For obvious reasons, I cannot go to Nut Island. Neither can Hannah leave, and Jennet will not. I am uneasy at the bone about this man's real intentions; I pursue this matter in whatever way I can. Of course should there be any trouble Runs-from-Bears will see to it that Hannah and Jennet are brought to safety, and that fact alone allows me to pursue this matter less aggressively than I might otherwise.
If indeed you know anything of this man, the courier will wait for an answer from you before he leaves Paradise.
Your loving son
Luke
Chapter 31
“Now I seen some mighty messes in my time,” said Curiosity, shutting the kitchen door behind her with a thump. “But I don't think I ever seen the likes of us.”

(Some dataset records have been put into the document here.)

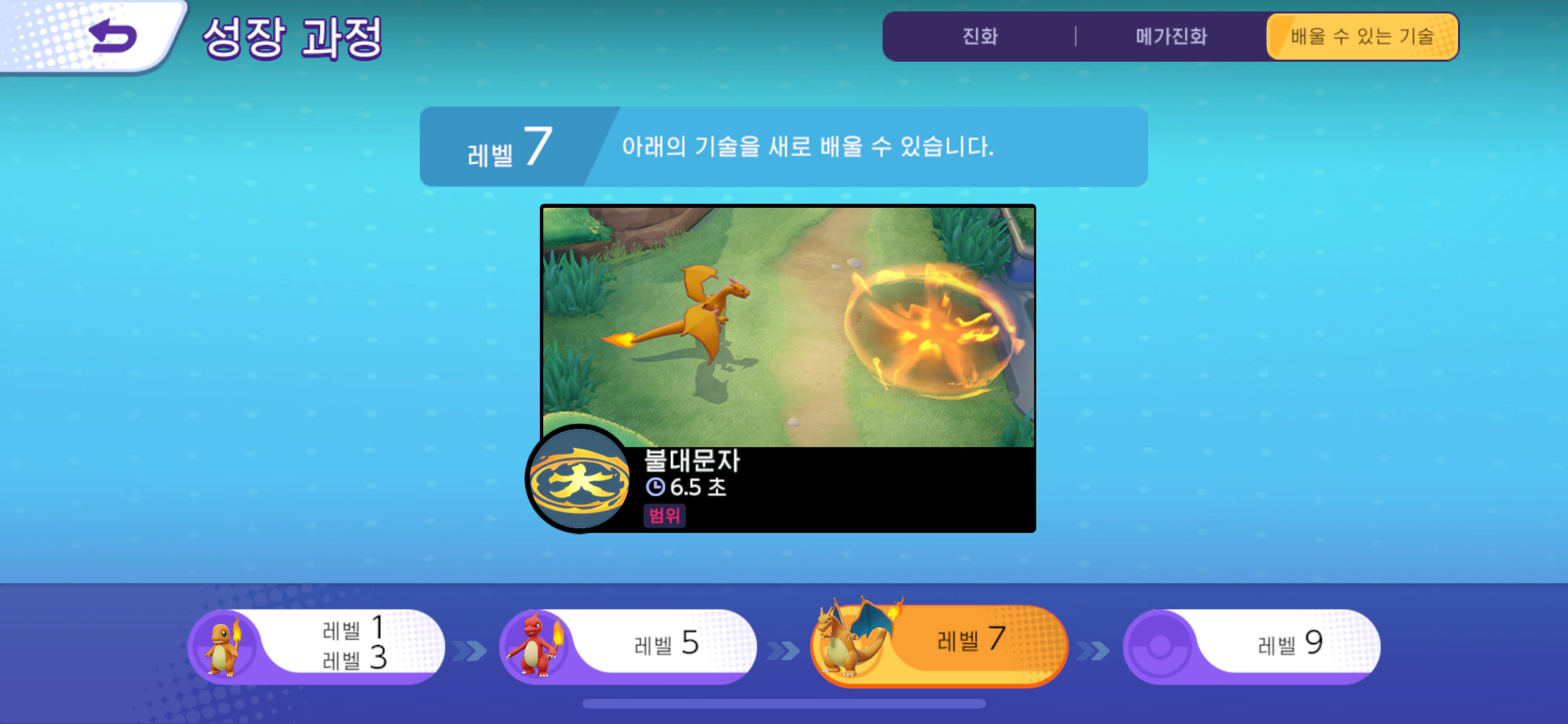 <레벨7> : 일반 리자몽 캐릭터는 2가지 중 1가지를 배울 수 있지만, 메가리자몽Y는 1가지만 배울 수 있다.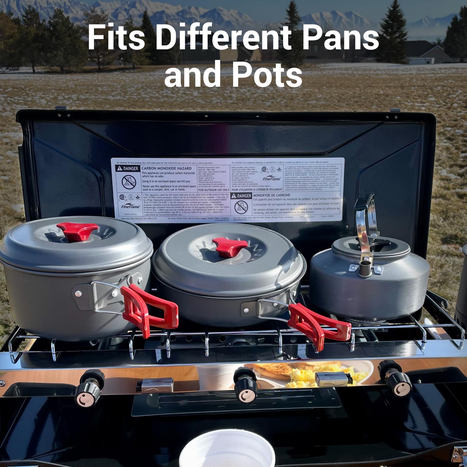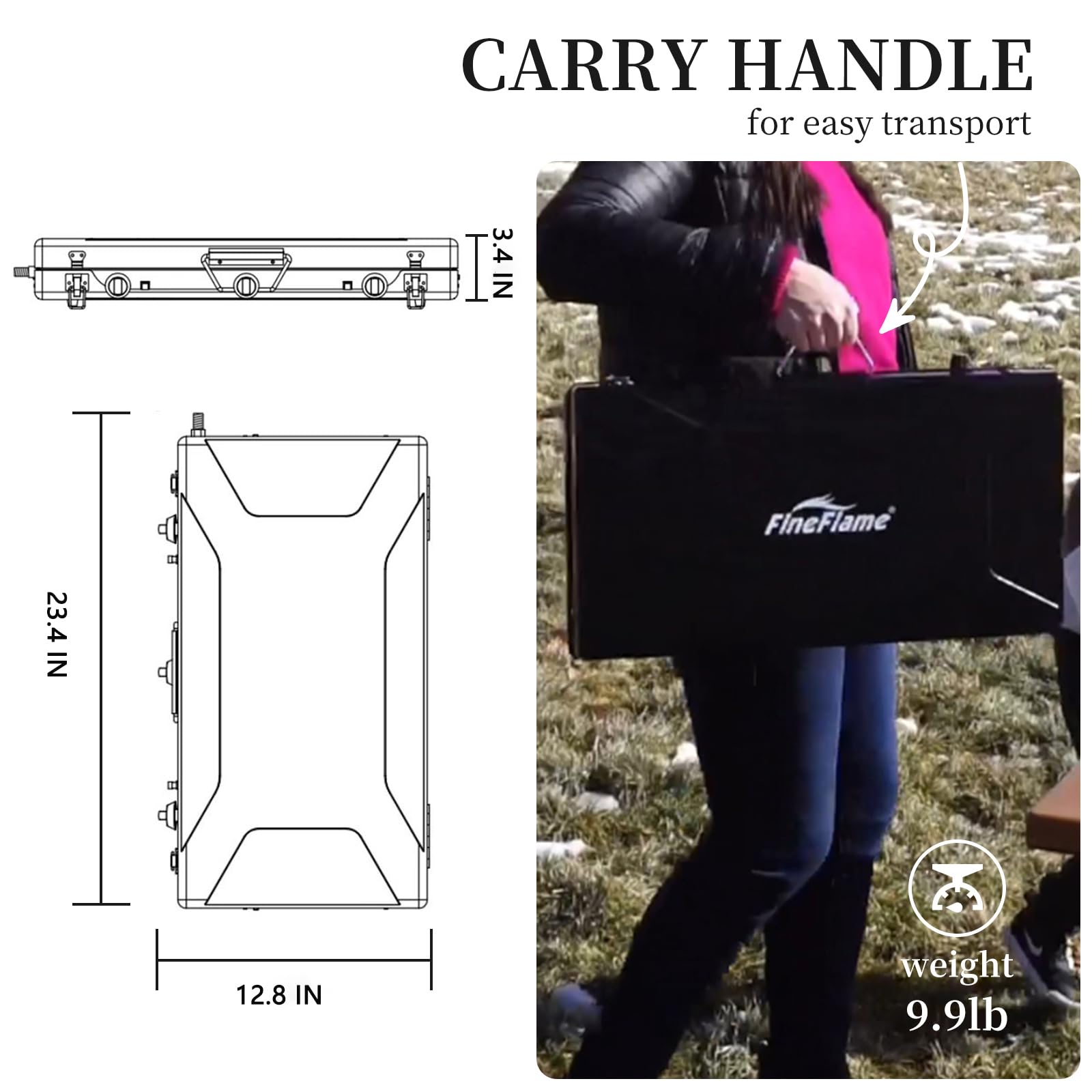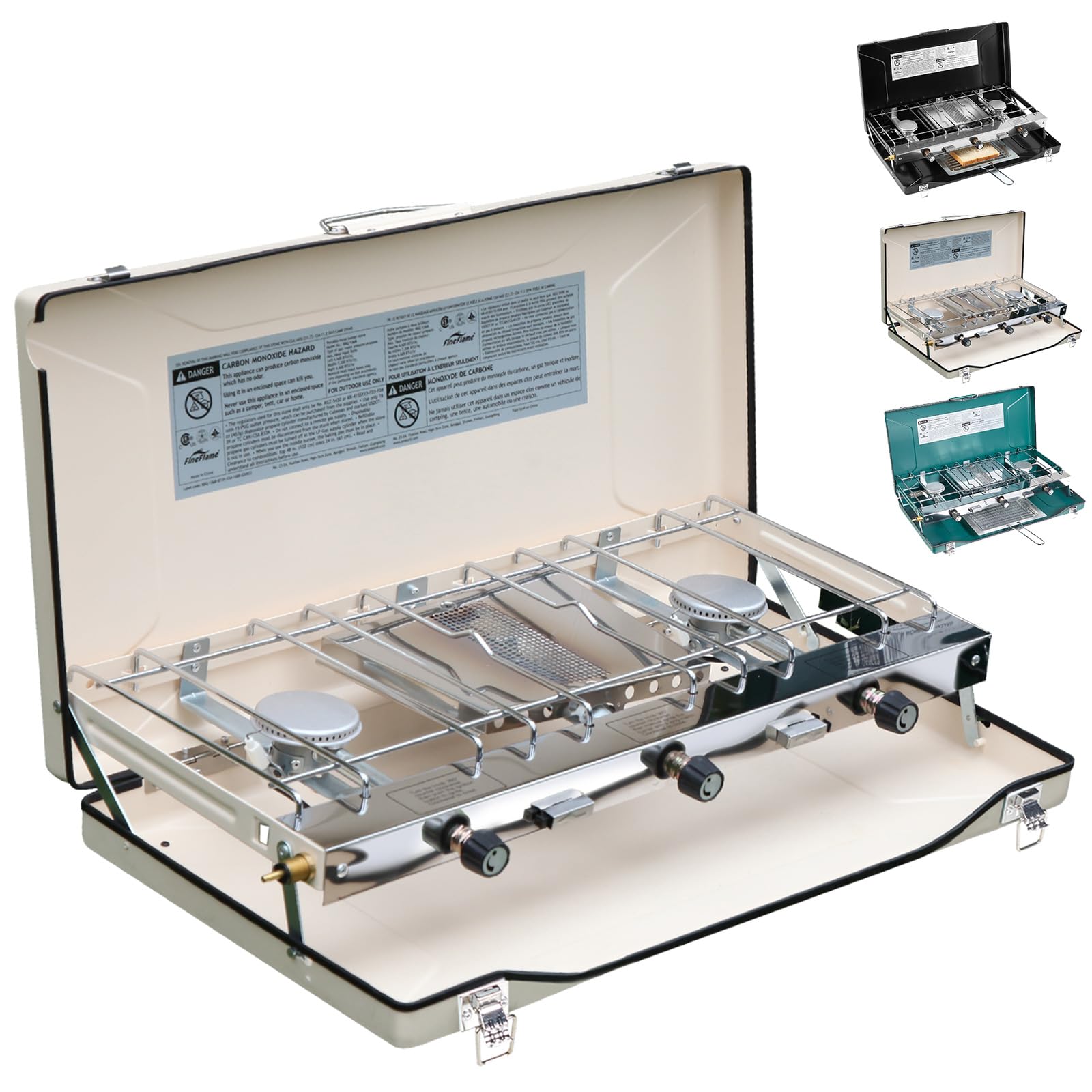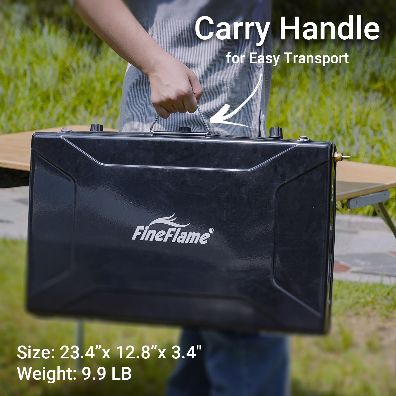 - PORTABLE: This 3-burner portable camping stove comes with a carry handle that allows you to carry it conveniently. It has a compact structure and weights only 10lbs which makes it even easier to carry it around. It can be taken along in a luggage or storage box, or even large tote bag, so carrying this portable propane camping stove is a breeze thing to do! Size: 23.4”x12.8”x3.4", Weight:9.9 LB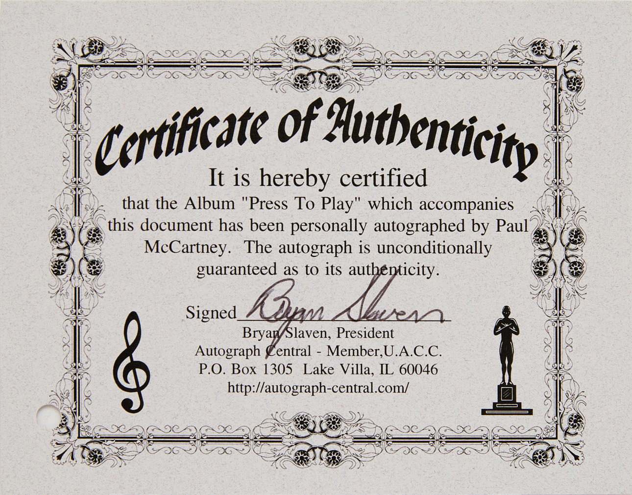 PAUL MC CARTNEY. Álbum firmado "Press to Play" (1986). Firmado con rotulador azul.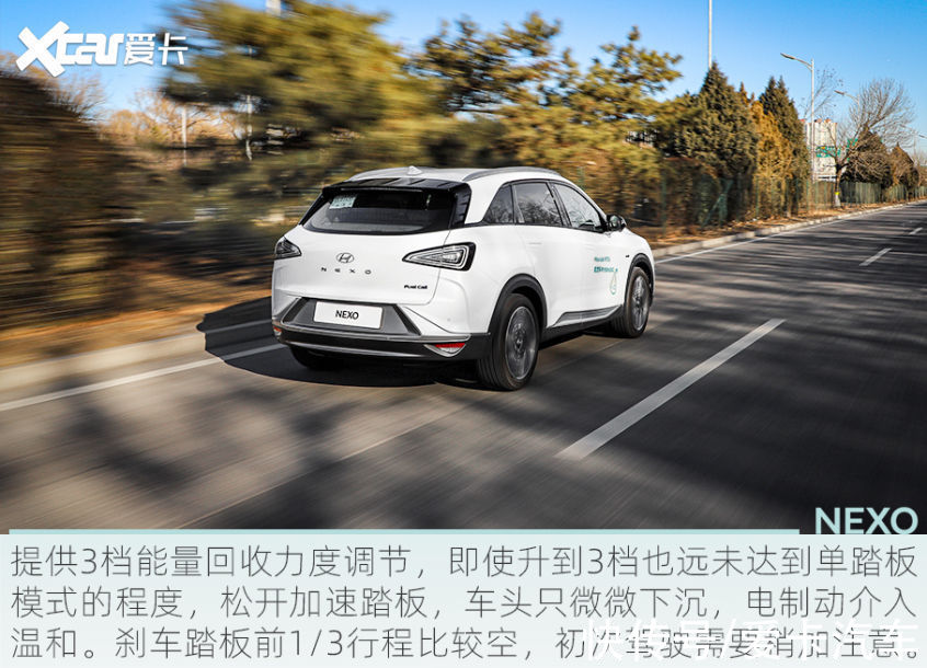 能量回收力度提供开关,开启后有3档可调,不支持单踏板模式,标定策略考虑了从燃油车转战氢燃料电池车的用户,电机正负扭矩切换线性,减速度不会来得过分积极。刹车踏板本身存在初段偏空的问题,脚感绵软,初次上手需要适应。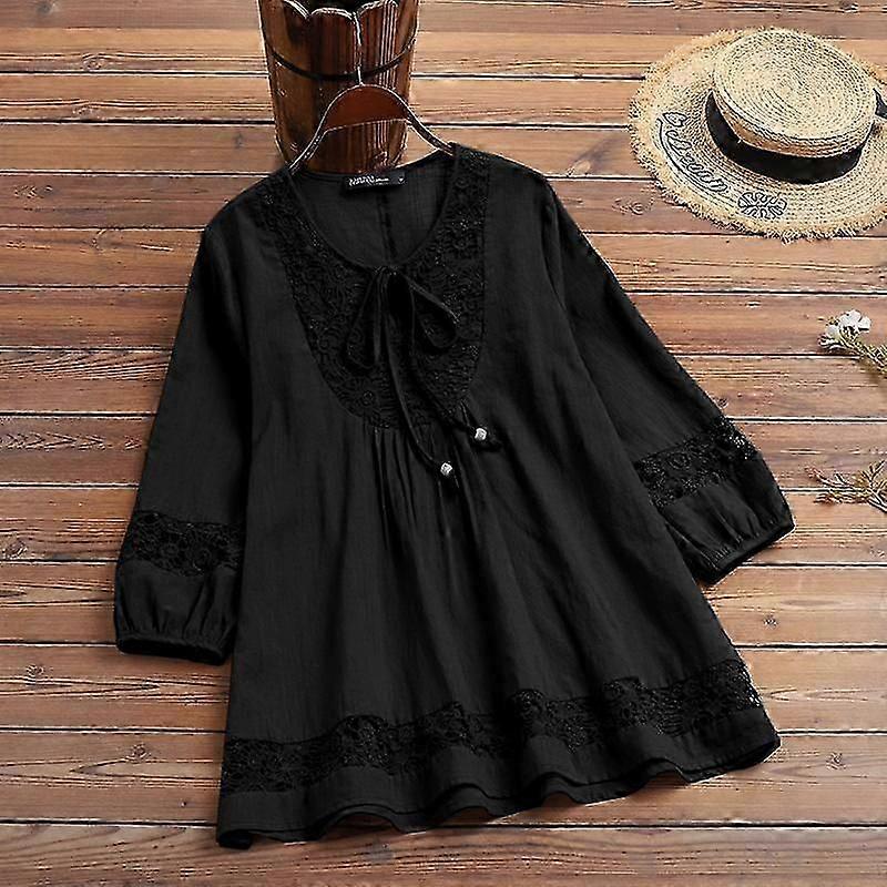 ZANZEA Women O-neck 3/4 Sleeve Cotton Tops Summer Retro Lace Crochet Splice Blouse Shirts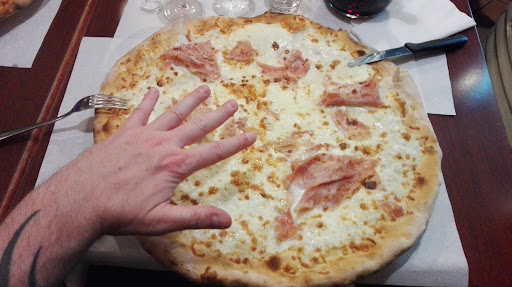 Read moreHo mangiato al locale solo una volta, con due amici, di mercoledì sera. Il locale era pulito e bene illuminato, con un buon odore di pizza nella zona ingresso, a ridosso della cassa e del forno. La pizzeria/ristorante offre anche antipasti, primi e secondi (a prezzi più bassi della media milanese) ma abbiamo tutti e 3 preferito ordinare una pizza. Sul menu c'è scritto che non è possibile smezzare in due una pizza, ma osservando quelle che stavano mangiando quelli alla tavolata da 10 vicino a noi la cosa ci è sembrata esagerata visto che le pizze sembravano solo un poco più grandi di quelle normali. In realtà poi abbiamo scoperto che quelle pizze erano quelle "piccole", quelle invece ordinate da noi erano proprio GRANDI (vedi foto): in sostanza mangiare una pizza grande equivale a mangiarne due di grandezza normale. La quantità della farcitura era discreta e la mozzarella abbondante, l'impasto buono: non si tratta quindi di una "pizza velina" ma di una pizza che per dimensioni e materiale riempie abbondantemente, anche tre lupi affamati come eravamo noi. Una pizza dal gusto più che discreto quindi, in quantità esagerata: ci è piaciuta. Abbiamo bevuto anche del vino sfuso rosso, un po' troppo frizzante per i miei gusti ma più che dignitoso. A chiudere la serata un amaro, una grappa e un dolce (il locale serve quelli "classici" della Bindi). Conto finale per 3 pizze grandi, 3 bottigliette d'acqua piccole, una bibita gassata, un litro di vino rosso sfuso, una grappa, un amaro e un dolce: 59 euro. La cassa accetta bancomat/carte e lo scontrino è stato rilasciato correttamente. Ci...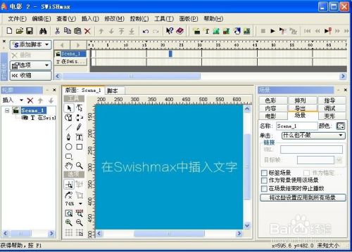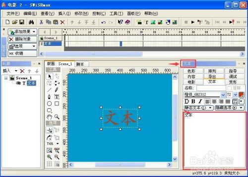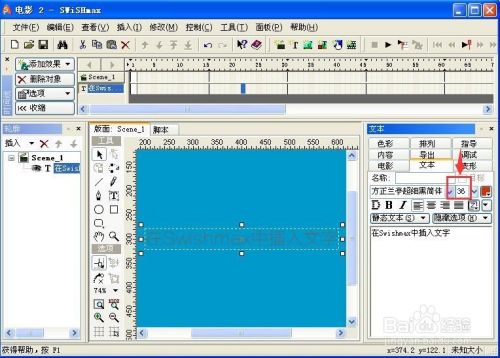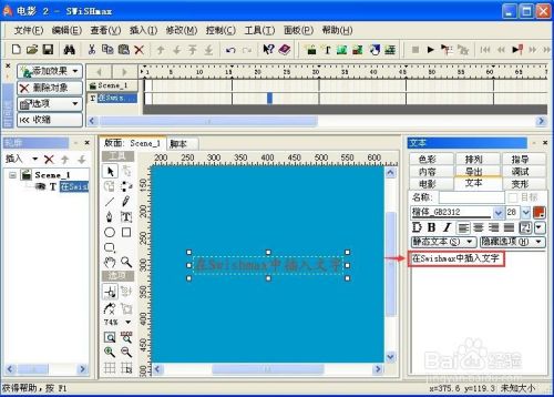 需要的文字就插入到Swishmax软件中了。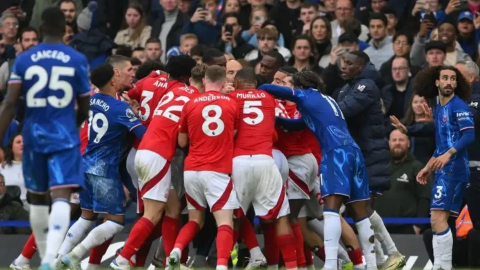 Chelsea and Nottingham Forest have been charged by the Football Association for failing to control their players after a mass confrontation during Sunday’s Premier League game at Stamford Bridge.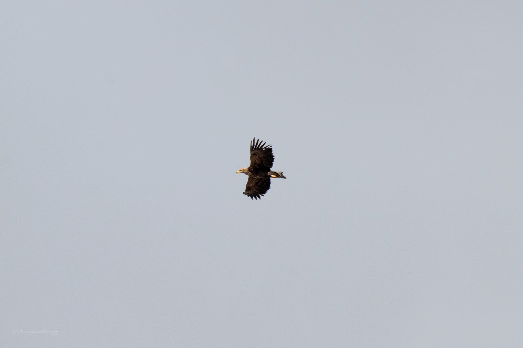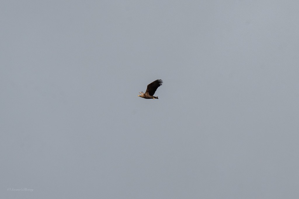 It’s an Eagle! Looks like a White-tailed Eagle. It was flying up the estuary from the sea and over towards the town and beyond, I doubt anyone noticed. There’s a huge water basin and nature reserve beyond the town but I’d guess this one was heading for the hills beyond.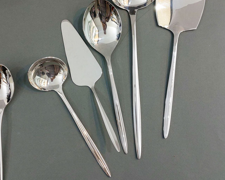 30قاشق و چنگال غذا خوری 12قاشق شربت مربا چای خوری کارد و چنگال میوه 4عدد کفگیر 2عدد ملاقه بزرگ دو عدد ملاقه کوچک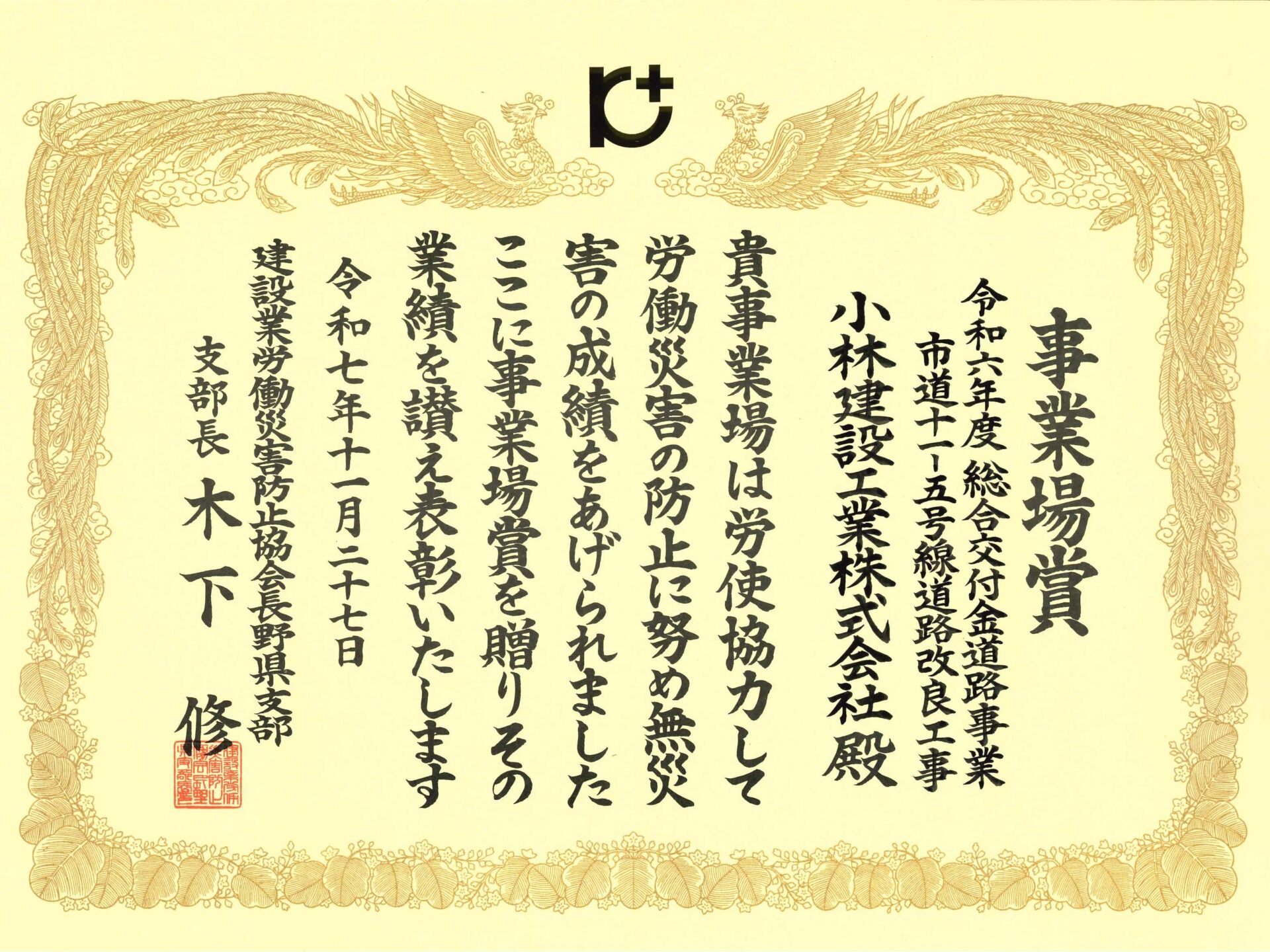 この度、労働災害防止への取り組みと無災害の成績が評価され、「事業場賞」を受賞いたしました!

The dozen people who had braved the storm for Richard Todd's burial—the last of three—stood in their best clothes, dripping icy water and mud onto Curiosity's scrubbed floor.
Elizabeth's plans for Dolly Wilde and Cookie Freeman had fallen nicely into place, but on the way from the meetinghouse graveyard to the Todds', the storm had come down on them. The best laid plans, Abe had observed, and Nathaniel finished the verse for him in the Scots he had learned from his mother: must gae agley.
All Elizabeth's careful plans had to be abandoned. Instead of readings and speeches and the singing of hymns, there had been a rushed prayer before they broke and ran for cover.
Only Black Abe, Nathaniel, and Simon had stayed behind to fill in the grave. Nicholas Wilde, who had come to all three gravesides alone—to Elizabeth's relief and disquiet both—had disappeared as quietly as he had come.
There was a strange humming energy in the room. It was the storm, Elizabeth told herself, and the morning's work, and the fact that everyone had been watching to see if Jemima would come to make trouble. Callie and Martha stood trembling and stunned, but Annie and Gabriel were barely able to sit still.
“You look like you jumped into the rain barrel,” Annie said to Gabriel, almost in admiration. “And then rolled around in the dirt.”